Nice one Mark, did traffic wardens in 1912 wear a yellow band around their hats?
Regards Robert


----------



## Bill Davies (Sep 5, 2007)

Mark,

Understand a Salvage company is contemplating a new way of 'Raising' the Titanic......................... They are going to lower a case of Viagra down.


----------



## non descript (Nov 18, 2005)

ROBERT HENDERSON said:


> Nice one Mark, did traffic wardens in 1912 wear a yellow band around their hats?
> Regards Robert


No Sir, they were so fast with their tckets they tied a *Blue Riband* round tummies....(Jester)


----------



## billyboy (Jul 6, 2005)

That yellow band round the hat is to discourage drivers from parking on their heads.
When used to use the car parks in the uk i used to get the all day rate ticket.
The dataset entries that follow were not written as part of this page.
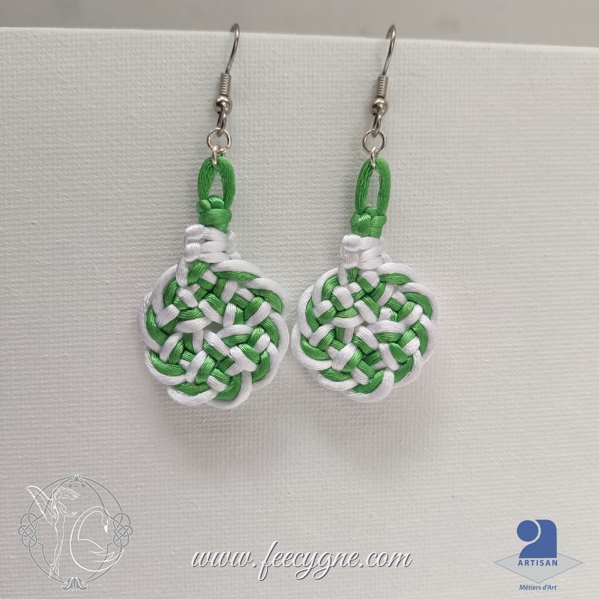 Boucles d'oreilles en noeud cercle de vie en cordon queue de rat vert et blanc
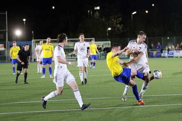 Festtagsstimmung auf der einen, Tristesse auf der anderen Seite: Der SSV Homburg-Nümbrecht feierte im Lokalschlager gegen den FV Wiehl einen deutlichen Sieg und reitet damit weiter auf der Erfolgswelle. In der Tabelle knackten die Blau-Gelben, die sich für die 0:1-Hinspielniederlage revanchierten, die 40-Punkte-Marke und rücken zumindest bis Sonntag auf den dritten Platz vor. Die Gäste hingegen müssen gegenüber dem Konkurrenten aus der Nachbarschaft weiter abreißen lassen und erlebten einen Abend zum Vergessen – weil der Gegner beinahe jeden Blackout in der Defensive bestrafte.
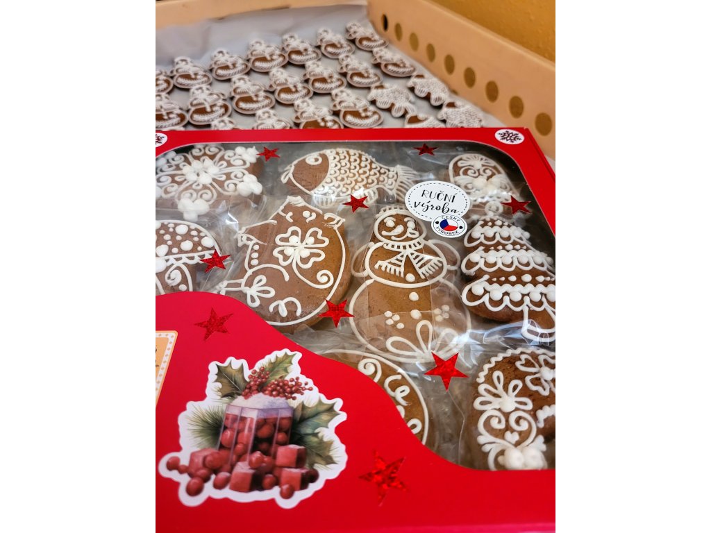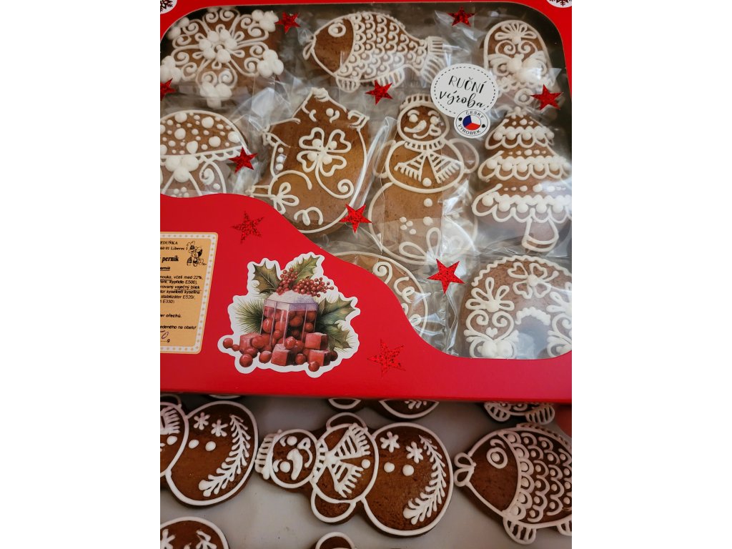 Velikost perníčků cca 5 až 8 cm. Hmotnost netto 250 g. Minimální trvanlivost 6 měsíců od data výroby. Výrobek neobsahuje žádná barviva a konzervanty!
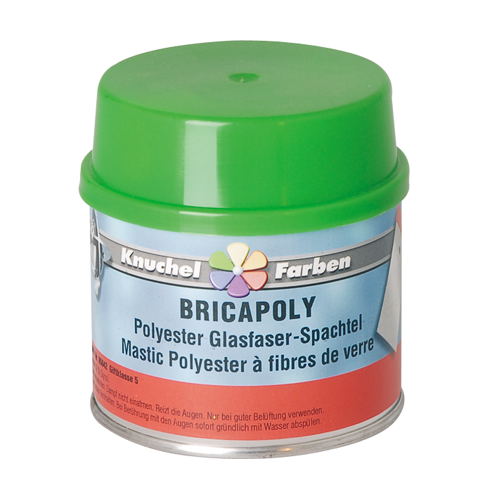 Äusserst haftfeste und schnell härtende 2-Komponenten Faser-Spachtelmasse bestehend aus einem Gemisch von hochwertigen und elastischen Polyesterharzen und Glasfasern. Eignet sich für zur Verstärkung angerosteter Bleche und Profile sowie zur Überbrückung von Löchern und Rissen auf Stahl, verzinntem Karosserieblech sowie glasfaserverstärktem Kunststoff. BRICAPOLY ist mit allen handelsüblichen wasserverdünnbaren oder lösungsmittelhaltigen 1- und 2-Komponenten Produkten überlackierbar.
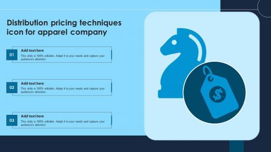 Showcasing this set of slides titled Distribution Pricing Techniques Icon For Apparel Company Formats Pdf The topics addressed in these templates are Distribution Pricing Techniques, Icon For Apparel Company All the content presented in this PPT design is completely editable. Download it and make adjustments in color, background, font etc. as per your unique business setting. Our Distribution Pricing Techniques Icon For Apparel Company Formats Pdf are topically designed to provide an attractive backdrop to any subject. Use them to look like a presentation pro.
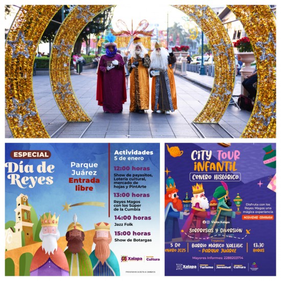 Con el objetivo de conservar las tradiciones y celebrar las festividades de la temporada, el Ayuntamiento de Xalapa, a través de las direcciones de Cultura, Turismo y Juventud, invita a todas las familias xalapeñas a disfrutar del “Especial Día de Reyes”, que se realizará el próximo 5 de enero en el Parque Benito Juárez. A partir de las 12:00 horas, este evento gratuito ofrecerá una serie de actividades que incluirán un show de payasitos, lotería cultural, Mercado de Hojas y la divertida propuesta PintArte. A las 13:00 horas, se contará con la participación especial de los Reyes Magos, acompañados por el grupo Súper de la Cumbia, que pondrá a bailar a todos los presentes con su ritmo. Además, la diversión y las sorpresas estarán garantizadas con el City Tour Infantil, que comenzará a las 13:30 horas en el Barrio Mágico de Xallitic y concluirá en el Parque Juárez. La jornada continuará con un toque único de Jazz Folk a las 14:00 horas, en una presentación que fusiona tradición. El evento culminará a las 15:00 horas con el esperado show de botargas, que llenará de magia e ilusión el ambiente, brindando un cierre perfecto a esta celebración. |
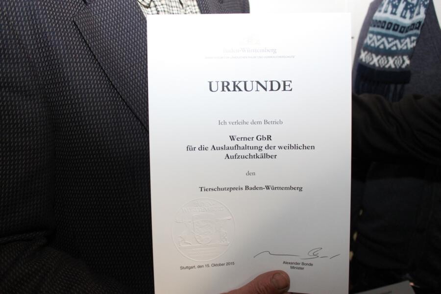 Die Landwirte Albert und Peter Werner haben heute, 15. Oktober 2015, den Tierschutzpreis für besonders tiergerechte Haltung von landwirtschaftlichen Nutztieren in Stuttgart entgegengenommen. Der Landesbauernverband (LBV) gratuliert den Betriebsleitern und deren Familie aus Römerstein-Strohweiler (Kreis Reutlingen) und sieht die wiederholte Ehrung eines landwirtschaftlichen Betriebes als Anerkennung für die positive Entwicklung der modernen Nutztierhaltung im Land.
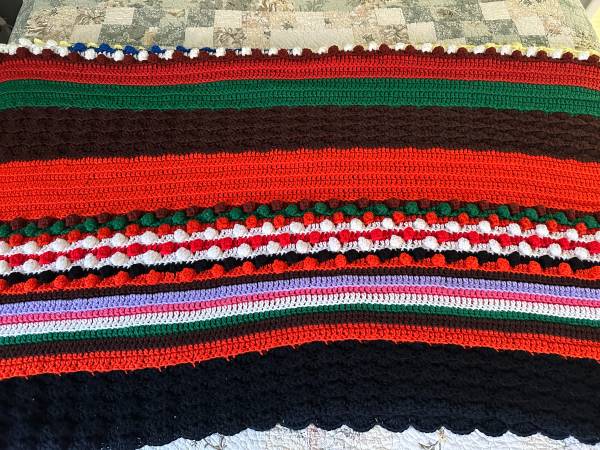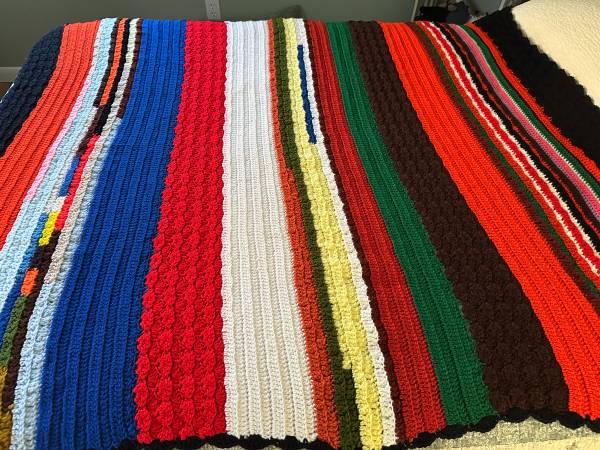Multi-Colored Hand-Knit Afghan/Throw - Orange/Black/Green/Brown/Blue/Red/White Approx. 70" x 52" Pictures taken on a "Full" size bed to give better sense of size New, Never Used Smoke-Free, Pet-Free...
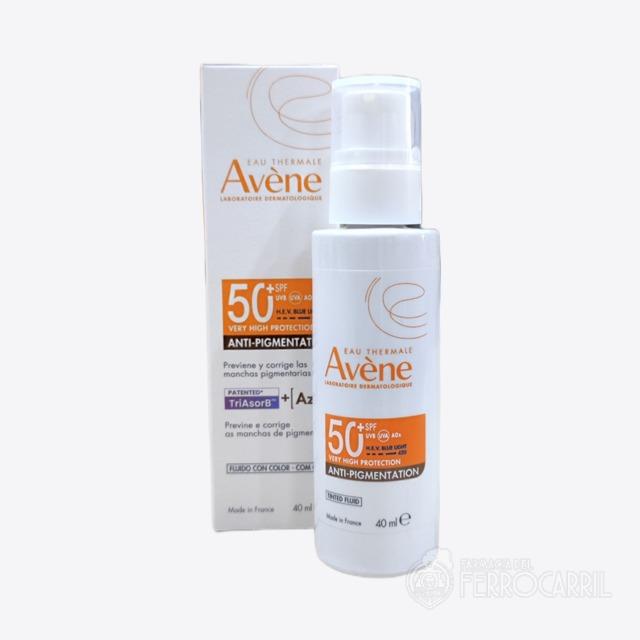 Avene Eau thermale fluido antimanchas spf 50+ 40 ml: Este tratamiento corrige y previene las marcas, al tiempo que unifica la tez con una cobertura ligera. TEXTURA FLUIDA: Tiene una textura ligera con un toque de color, perfecta como base de maquillaje y para aportar luminosidad inmediata a la piel. Su fórmula de alta tolerancia y sin perfume es apta para para pieles sensibles.
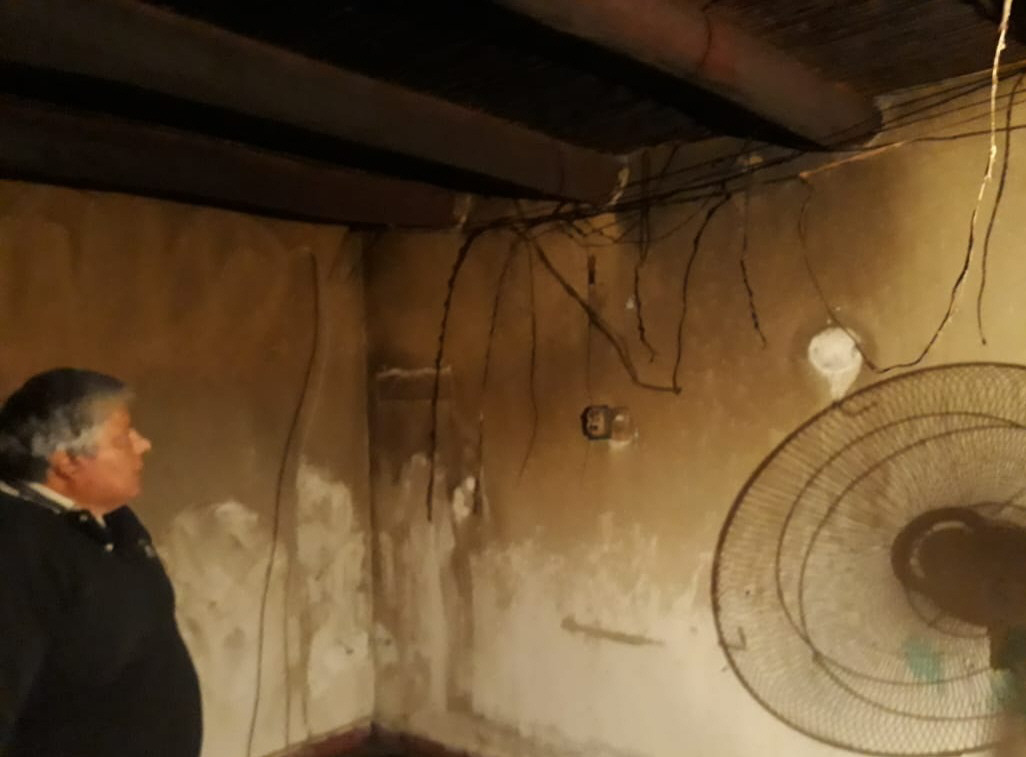 Al parecer, una falla eléctrica en un ventilador de techo generó chispazos que empeoraron las cosas cuando tomaron contacto con un colchón que estaba justo abajo. Las llamas dañaron gran parte de las cosas que había en esa habitación, como esa cama, ropa y un sillón, además del techo de palos y cañas.

On leaving i used to watch for someone coming in and pass them the ticket. "Its an All day ticket i would tell them". pass it on to someone when you leave Did that loads of times.


----------



## Tmac1720 (Jun 24, 2005)

Tonga said:


> Tmac,
> There was a rumour that the _*Titanic*_ was sent off to sea early (without her sluice valves fitted correctly, and this lead to her sinking) solely because H&W feared she might get a parking ticket if she lay around the yard any longer.. I thought this was a tall story, but I found the ticket for sale the other day on E-Bay..
> (Thumb)
> Mark


Close Mark but it was actually the Olympic after we swapped her for Titanic because the sluice valves were the wrong thread...... By the way I have for sale a few of the genuine holes made by the iceberg (*)) Special offer for SN members, buy two holes get a free sluice valve (Smoke)


----------



## Geoff_E (Nov 24, 2006)

I wouldn't like to think we had any "parking wardens" (or whatever they may wish to call themselves), wheel-clampers or similar "oxygen pirates" on this site. We really can do without them!


----------



## Tony Breach (Jun 15, 2005)

What would you throw to a drowning traffic warden? Don't try a rope as it may contravene health & safety regulations. Possibly just throw him a friendly farewell wave!

Any other ideas


----------



## Lifeboat1721 (Mar 15, 2007)

It's NOT the 1st time that this kind of thing happened, Last year Morecambe's Hovercraft transporter broke down on an exercise and was left outside the boathouse on the prom, people stayed over night to keep an eye on it But Wardens STILL put a ticket on it,

The ticket was later scrapped.


----------



## omcgarry (Jan 26, 2008)

ROBERT HENDERSON said:


> Nice one Mark, did traffic wardens in 1912 wear a yellow band around their hats?
> Regards Robert


More likely a orange sash !!!


----------



## ROBERT HENDERSON (Apr 11, 2008)

Tony
You could attach a big rock to the rope, and claim on humanitarian grounds you were ending his suffering

Robert


----------



## Tony Breach (Jun 15, 2005)

Robert,
A good idea as long as a knife isn't required to cut the rope. That would be illegal!

Tony


----------